VARSOVIE: La Cour de justice de l'Union européenne (CJUE) UE a rejeté jeudi le recours de la Pologne contre 68,5 millions d'euros d'astreintes accumulées depuis le refus de Varsovie de mettre fin à l'extraction de lignite dans une énorme mine proche des frontières avec la République tchèque et l'Allemagne.

"La Cour de justice rejette le pourvoi de la Pologne contre l'arrêt du Tribunal concernant l'annulation des astreintes journalières infligées dans l'affaire de la mine de Turów", selon un communiqué de presse officiel dans lequel la CJUE insiste sur son souhait de "garantir l'application effective du droit de l'Union dans l'intérêt général".

La mine polonaise, qui s'étend à ciel ouvert sur plus de 10 kilomètres le long des deux zones frontalières, suscite des tensions avec ses voisins qui lui reprochent d'abaisser le niveau des nappes phréatiques et de polluer l'environnement.

En 2021, la République tchèque avait porté l'affaire devant la CJUE.

La mine Turow a été sommée de cesser ses activités, mais l'ancien gouvernement polonais nationaliste n'a pas obtempéré et, en conséquence, Varsovie a été condamné par Bruxelles à une astreinte de 500.000 euros par jour.

Selon le gouvernement, la fermeture de la mine compromettrait la sécurité énergétique du pays.

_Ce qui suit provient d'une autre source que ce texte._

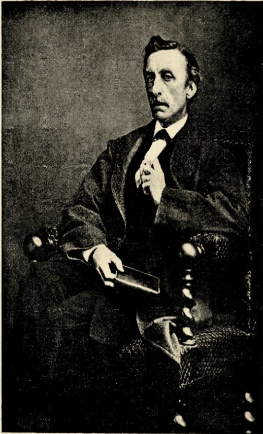
11. 1875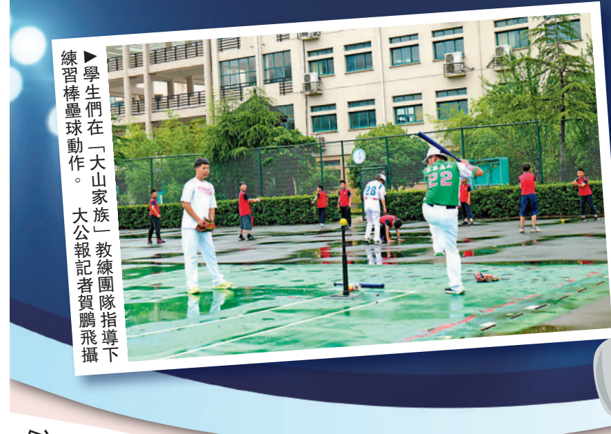
學生們在「大山家族」教練團指導下練習棒球動作。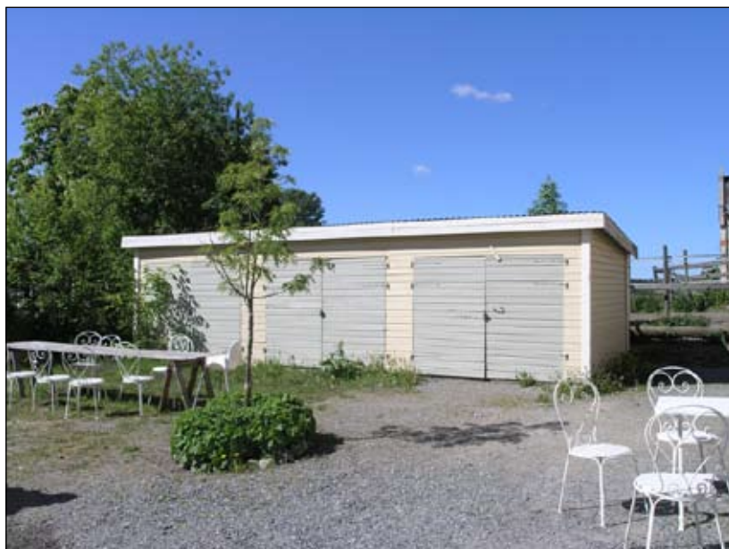
Garagelänga från väst. Lp20080697

Nivå 3- Miljöskapande på gårdsplanen i anslutning till fruktpackarhus och klockarhus.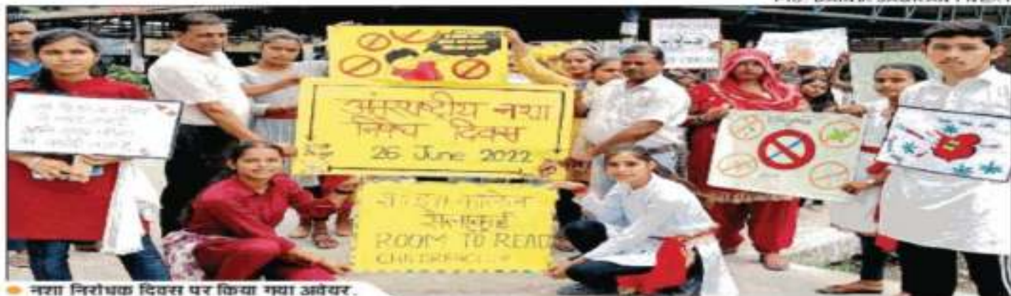
● नशा निरोधक दिवस पर किया गया अवसर.

DEHRADUN (26 June): विभिन्न सामाजिक संगठनों ने अंतरराष्ट्रीय नशा निरोधक दिवस के तहत बच्चों को जागरूक किया. साथ ही राज्य को नशामुक्त करने का संकल्प दिलाया. रविवार को चंदन नगर स्थित खुला बाल अग्रज गुह में जिला विधिक सेवा प्राधिकरण, सम्पूर्ण संस्था, मैक संस्था और से संकल्प नशा मुक्त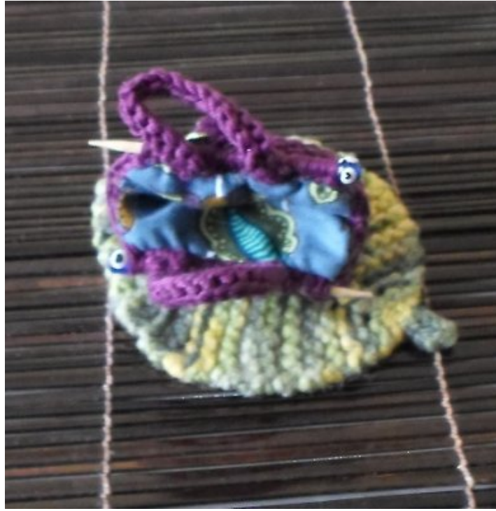
Intérieur Le sac, vue de la doublure.

En 2022, moyennant un engagement à des investissements importants dans la protection de l'environnement, la Pologne est parvenue finalement à un accord amiable avec la République tchèque.

Cependant la Commission européenne a sommé Varsovie de verser environ 68,5 M EUR, soit l'équivalent des astreintes journalières cumulées avant la conclusion de l'accord avec Prague.

Face au nouveau refus polonais, Bruxelles a prélevé les sommes dues dans les fonds européens destinés à Varsovie, une démarche alors inédite.

"L'accord amiable conclu entre la République tchèque et la Pologne n'a pas supprimé rétroactivement les astreintes ordonnées en référé", a expliqué jeudi la CJUE.

Selon la Cour européenne, les astreintes gardent "un caractère préventif et non répressif, contrairement à ce que prétendait la Pologne".

"L'obligation de payer l'astreinte journalière, versée au budget de l'Union, vise à assurer le respect des mesures provisoires déjà ordonnées", a insisté la CJUE.